Strengthening LLMs Against Prompt Injection

The Dual LLM Model to protect against prompt injection

The Dual LLM Model Concept was introduced by Simon Willison in April 2023. The concept of prompt injection—where a malicious command is embedded within legitimate input to influence a Large Language Model (LLM) into unintended actions—poses a significant challenge in developing secure AI assistants. As businesses increasingly use LLM-powered AI assistants that interact with private data and trusted tools, mitigating prompt injection risks is critical.
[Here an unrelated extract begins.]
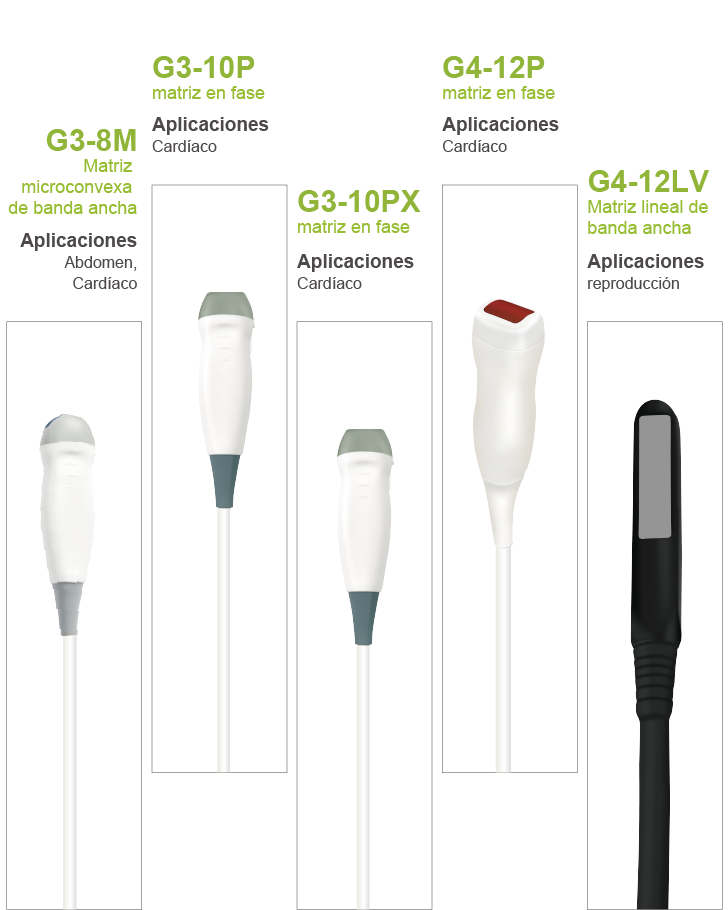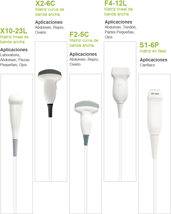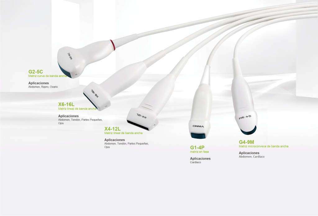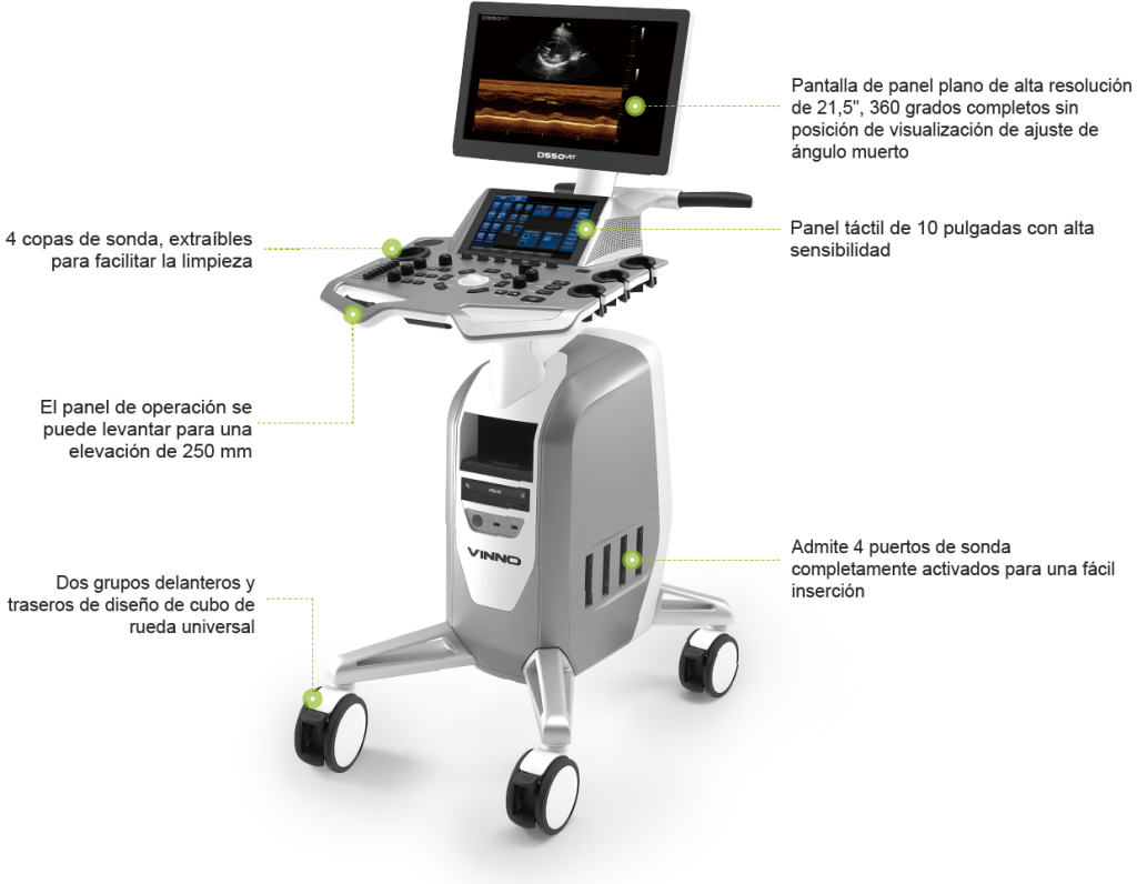 - Dos grupos delanteros y traseros de diseño de cubo de rueda universal, fáciles de mover.4 puertos de sonda completamente activados permiten el cambio de sonda con un clic en el panel táctil.
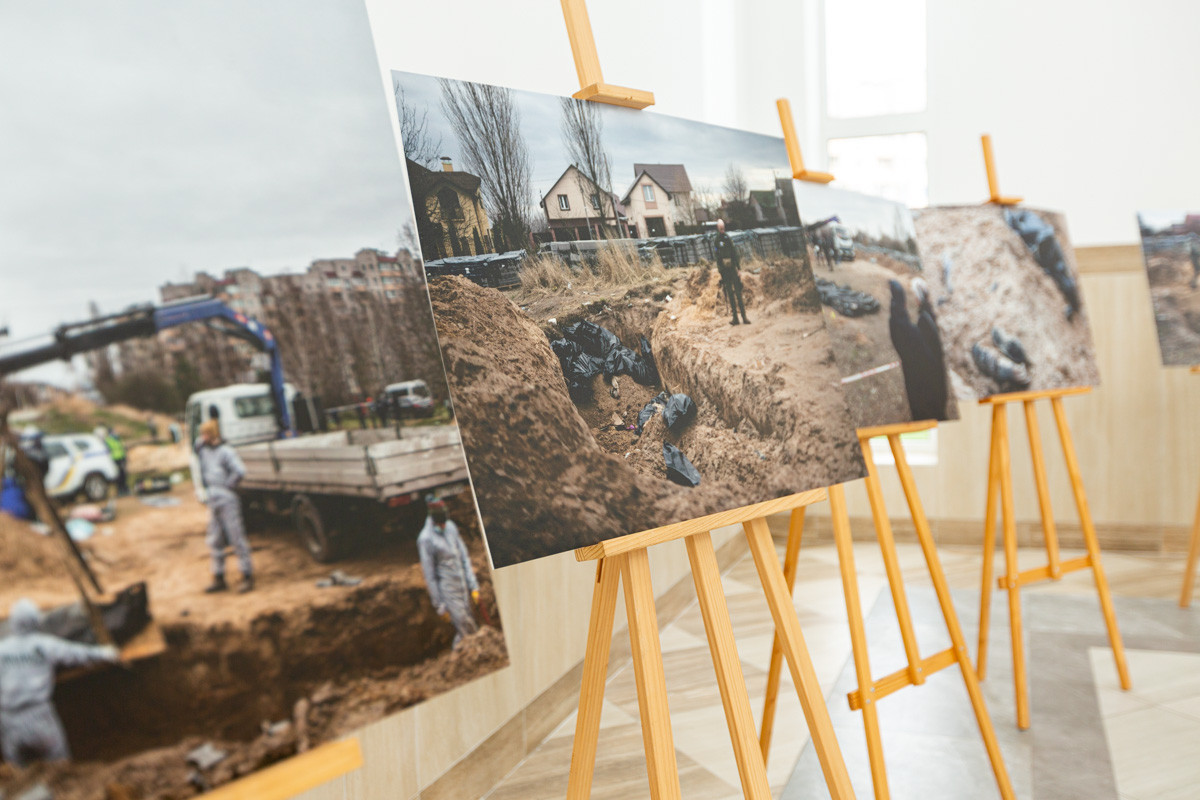 Спершу Ігор Клименко показав Каї Каллас фотовиставку з кадрами закатованих російськими загарбниками цивільних. Міністр внутрішніх справ розповів, що лише у Бучі за час російської окупації загинула 461 людина.

One compelling approach to minimizing these vulnerabilities is through a Dual LLM pattern, where two separate LLM instances, labeled as "Privileged" and "Quarantined," work together to securely process different types of data. The Privileged LLM handles trusted user inputs and has access to perform actions (such as sending emails or searching databases). In contrast, the Quarantined LLM manages untrusted data, such as inputs from public websites or user-generated content, without tool access. This pattern ensures that sensitive commands and untrusted inputs are processed in isolated spaces, reducing potential exploitations.

To ensure sensitive commands remain secure, a Controller layer mediates between the two models. For instance, if a user requests an email summary, the Privileged LLM instructs the Controller to retrieve emails and pass them to the Quarantined LLM, which processes the content. The Controller then handles the Quarantined LLM’s output as a protected variable, which prevents the Privileged LLM from being exposed to any potentially malicious content. This setup effectively keeps maliciously manipulated outputs from entering the action-capable Privileged LLM’s processing stream.

However, this layered setup is not entirely foolproof. Social engineering remains a risk, where attackers might trick users into copying and pasting secure information out of the AI environment. While adding extra prompts or warnings for potential copy-paste threats might help, vigilance is essential.

Sazakan is a dedicated tool that aids developers in identifying and mitigating prompt injection risks within AI models. By simulating prompt injection and testing the robustness of dual-model setups, Sazakan enables the safe and effective development of AI systems that safeguard user data. It provides a crucial layer of security by allowing companies to proactively address risks before they compromise sensitive information.

Ultimately, building secure AI systems requires balancing functionality with a complex array of safeguards, and tools like Sazakan make this endeavor far more achievable. By applying rigorous security frameworks and continuously testing for vulnerabilities, developers can create AI solutions that responsibly manage prompt injection risks, providing safer AI assistants for users everywhere.